For my answer i assumed that $\hat{y}^{}_{0}$ and $\hat{y}^{}_{1}$ are the predicted classes. That means that $\hat{y}^{}_{0}$ predicted class 0 which means $a$ and $\hat{y}^{}_{1}$ predicted class 1 which means $b$.

Furthermore, it is given that both $\hat{y}^{}_{0}$ and $\hat{y}^{}_{1}$ minimize the expected loss.

The exprected loss is:

$\sum^{K}_{k=1} e(\hat{y}, c_k) p_k$

Minimzing exprected loss means that $\hat{y}$ predicts the class $c_k$ with the highest probability $p_k$. Because both $\hat{y}^{}_{0}$ and $\hat{y}^{}_{1}$ minimize the expected loss means that the probability of $p_1$ and $p_2$ have to be the same (and bigger than $p_3$).
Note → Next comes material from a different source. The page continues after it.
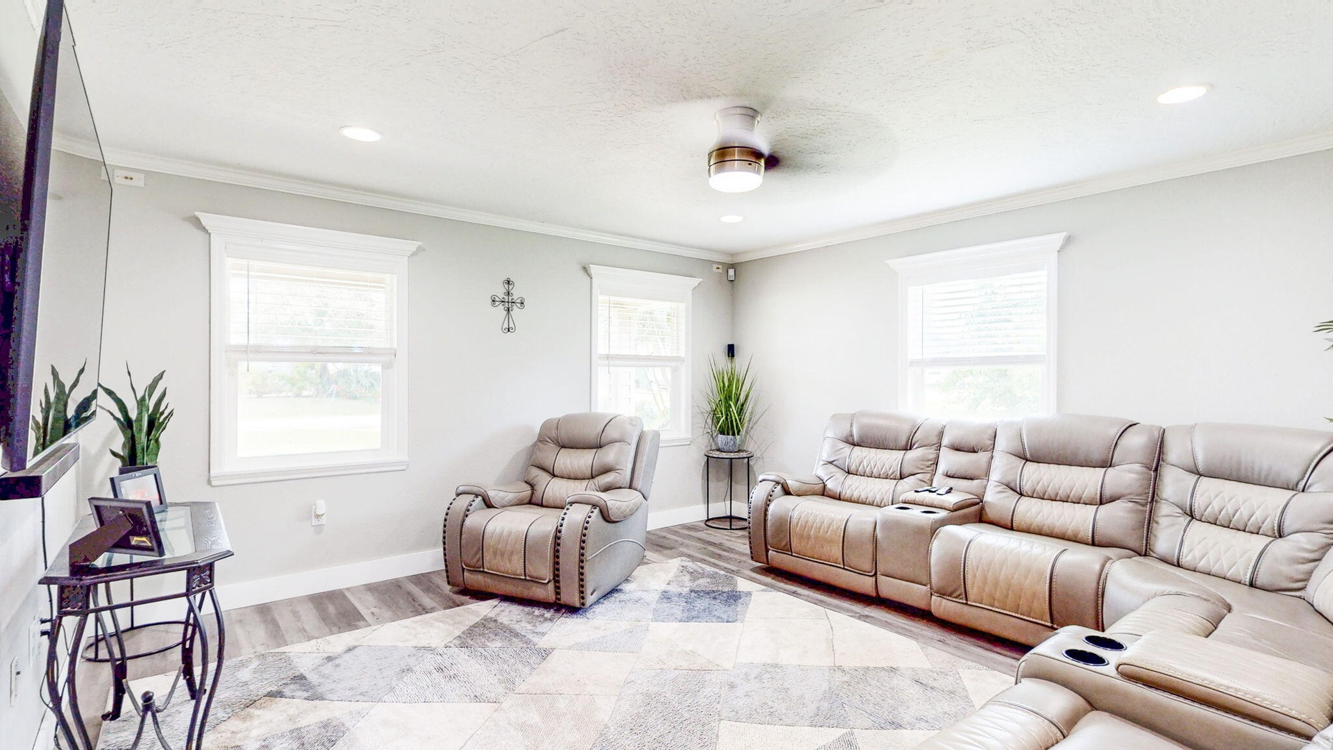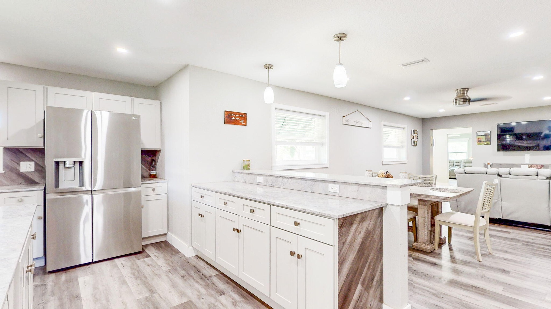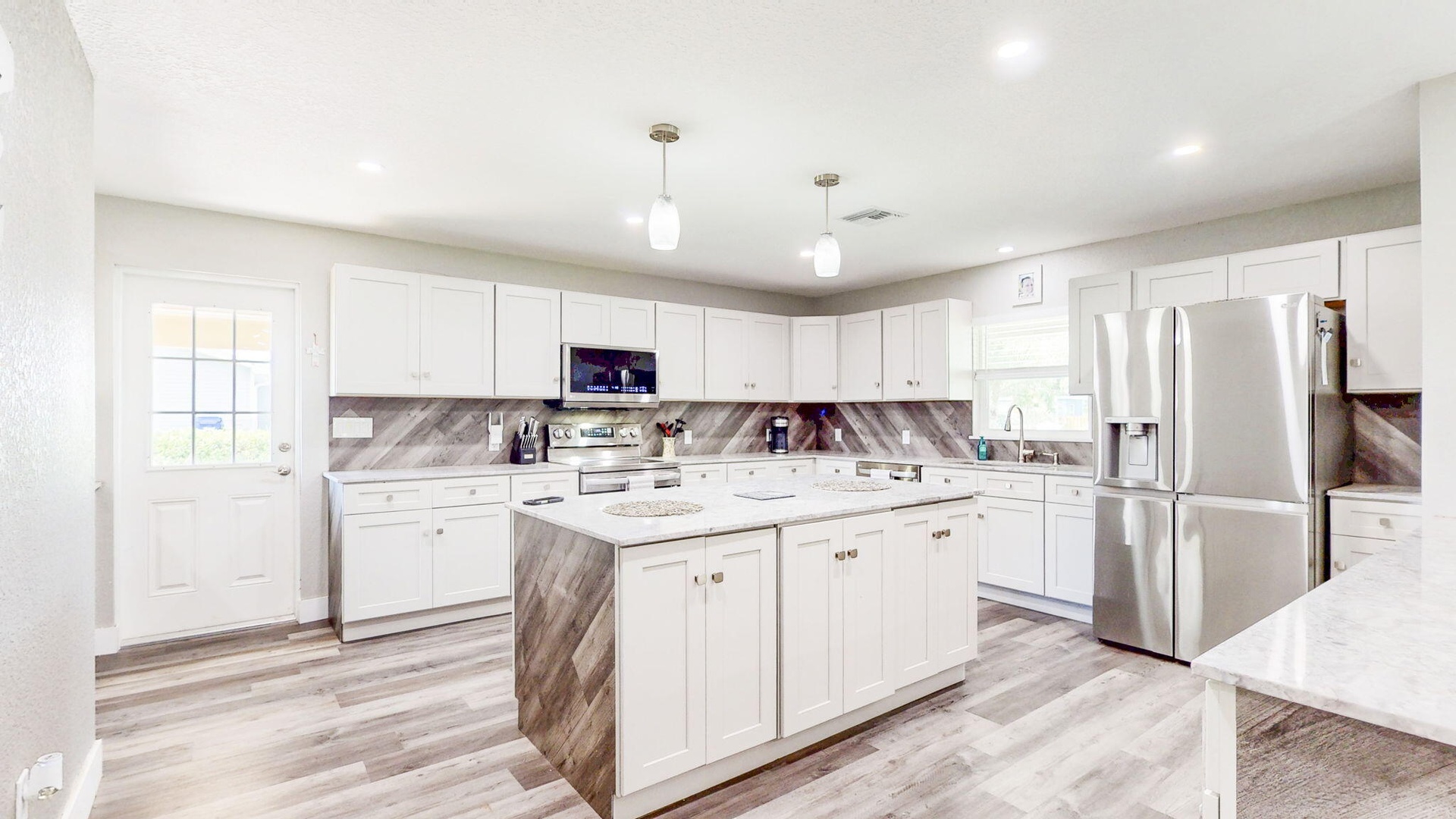 Welcome to this beautifully remodeled 4-bedroom, 3-bathroom home. Designed for both comfort and functionality, the property offers a spacious layout and a wide range of modern enhancements. Inside,you'll find luxury vinyl flooring throughout, two new air conditioning systems and two new hot water heaters, The guest bathroom features a jacuzzi tub, and impact windows and doors provide energy efficiency and storm protection. The home is also equipped with a setup for a whole-house generator. The kitchen, baths, and living spaces have all been completely remodeled, creating a fresh and move-in ready environment. Outdoor living is maximized with a wrap-around porch finished with Trex decking, a fire pit in the front yard, a carport, and a detached garage. The expansive yard is irrigated by

Resulting in $p_1 = p_2$ and $p_3 = 1 - (p_1 + p_2)$, $p_3 < p_2$.

Are my assumptions correct?

I was a bit confused about the naming. Why is it not called $\hat{y}^{}_{a}, \hat{y}^{}_{b}$ instead of $\hat{y}^{}_{0}, \hat{y}^{}_{1}$ and $(p_0, p_1, p_2)$ instead of $(p_1, p_2, p_3)$?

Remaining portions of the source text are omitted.